Credo Reference Friday Brainteaser – Punctuation
This week’s brainteaser is about punctuation: those dots, dashes and symbols which help to clarify written or printed material.
1. What is the name for the punctuation mark after “oak” and “elm” in this sentence: “The forest abounds with oak, elm, and beech trees”?
2. What is the British phrase for the punctuation mark which is called a period in American English?
3. What is an interrobang?
4. What does a semicolon look like?
5. When a full stop is used as part of email and website addresses, how is it pronounced?
6. What name is given to the accent over the last letter of the Italian word pietà?
7. Which punctuation mark is used with a noun or pronoun to indicate possession or in a contraction to show where letters have been left out?
8. What name is given to a set of three dots (…) in text?
9. A cedilla is a mark which is put underneath which letter to show that the letter has the sound of s?
10. In the German language, what is the name for the sign formed of two dots printed above a vowel?
How did you do?
0 – 1 Mmmm, not exactly brilliant.
2 – 5 A reasonable stab.
6 – 8 A good showing. But there’s still room for improvement!
9 – 10 You really know your stuff. Well done!
Questions set by Tony Augarde (www.augardebooks.co.uk)


9 out of 10.
Never heard of an interrobang and it’s not provided by Microsoft Word!
In question 1. the first one is a comma and the second is an Oxford comma which is superfluous and discouraged in the better houses, unless needed for clarity and precision.
An interrobang is a non-standard punctuation mark which I confess to have never seen in any writing. It is considered poor style, down there with strings of exclamation marks or question marks.
What a pedant I am!!!!
What does it look like?
It looks rather like a cross between an exclamation point and a question mark – joined at the bottom.
An Oxford comma, or serial comma, is encouraged by the Chicago Manual of Style, among other style manuals of repute, and when I worked as a copyeditor for Penguin/Putnam it was required, even in light fiction. Only the press style manuals discourage it, supposedly for reasons of space in short newspaper columns. I think not using the serial comma is sloppy and leads to ambiguity. I associate it with grade school level grammar teaching and am appalled by how many people think it is not only preferable but the ony correct usage..
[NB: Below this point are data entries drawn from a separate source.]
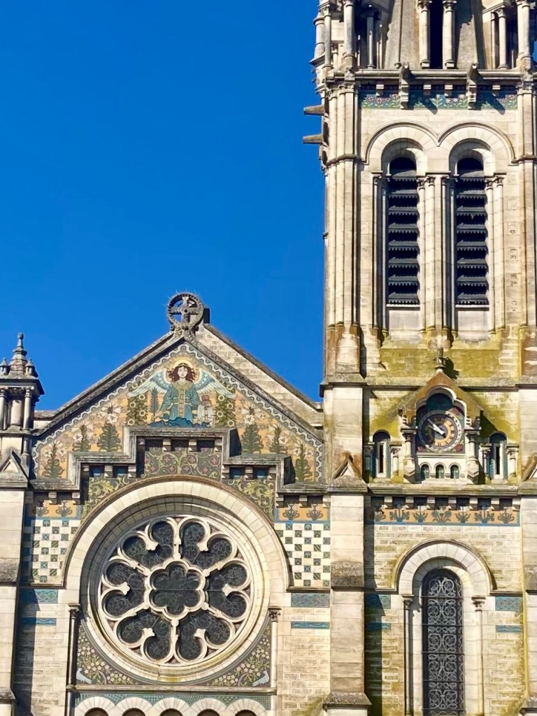 We managed to catch Briare at its quietest, arriving on a Sunday. Our wander round took us past the magnificently landscaped town hall , the church with its colourful mosaics (inside and out), and some other interesting places, but on both Sunday and Monday the town centre seemed so quiet that we thought it was rather a dead town.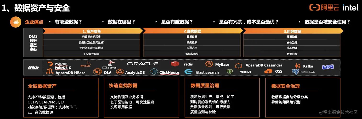 在整个数据资产与安全方面,其实最核心构建的是整个全域数据资产管理,让企业数据不需要进行物理集中就能够快速找到所要的数据进行数据资产的治理,同时能够让数据本身的管理覆盖整个生命周期的安全。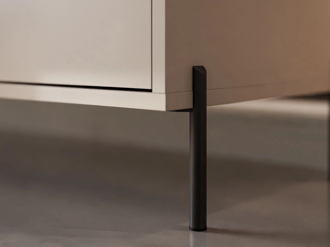 Komoda Vivance posiada fronty wykończone na wysoki połysk, podczas gdy korpus utrzymany jest w stonowanym macie. Bryła ustawiona jest na metalowych nogach w czarnym kolorze. Znajdziemy tutaj również dodatkową centralną nóżkę, która stabilizuje konstrukcje i pomaga w równomiernym rozłożeniu masy.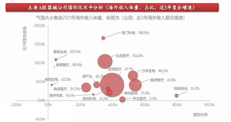 其中疫情三年,国产器械的性价比得到全球认可,加速出海渠道扩张,未来高端产品有望实现出海。近年来国产器械龙头不断推行国际化战略,目前国际化率普遍在30%-40%,从增速看,近三年复合增速平均在50%左右(部分公司有疫情增量)。相关个股包括迈瑞医疗、联影医疗、华大智造、新产业、普门科技、南微医学、惠泰医疗、澳华内镜、开立医疗、海泰新光、振德医疗、理邦仪器、祥生医疗、福瑞股份、怡和嘉业、美好医疗、微创医疗、微创机器人、启明医疗、先瑞达医疗等。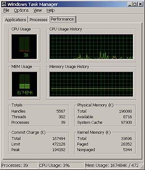 Надо сказать, что в Windows 2000 не предусмотрено важное средство, входящее в состав Windows 9x: программа Resource Meter, предназначенная для отображения в реальном времени данных об использовании системных ресурсов. По функциональности к этой программе ближе всего модуль Task Manager; для его запуска необходимо нажать комбинацию клавиш Ctrl+Alt+Del и в появившемся диалоговом окне выбрать элемент Task Manager. Для прекращения работы вышедших из-под контроля процессов Task Manager подходит больше, чем средство Close Program операционной системы Windows 9x. Однако следует иметь в виду, что при раскрытом окне Task Manager отображает краткий список данных об использовании процессора и памяти на протяжении некоторого периода времени, а в свернутом окне представлен только коэффициент загрузки ЦП на данный момент(см. Экран 7).

As a pedant, puzzle fan, and computer scientist, this week’s quiz was right up my alley. As usual, one question tripped me up: the one about the interrobang. The Unicode standard defines this symbol and zillions more. If your browser is set up to display UTF-8, you should see it here: ‽
Three of these questions are about diacritics, not punctuation.
SandraS – Word processors don’t provide characters. Fonts do.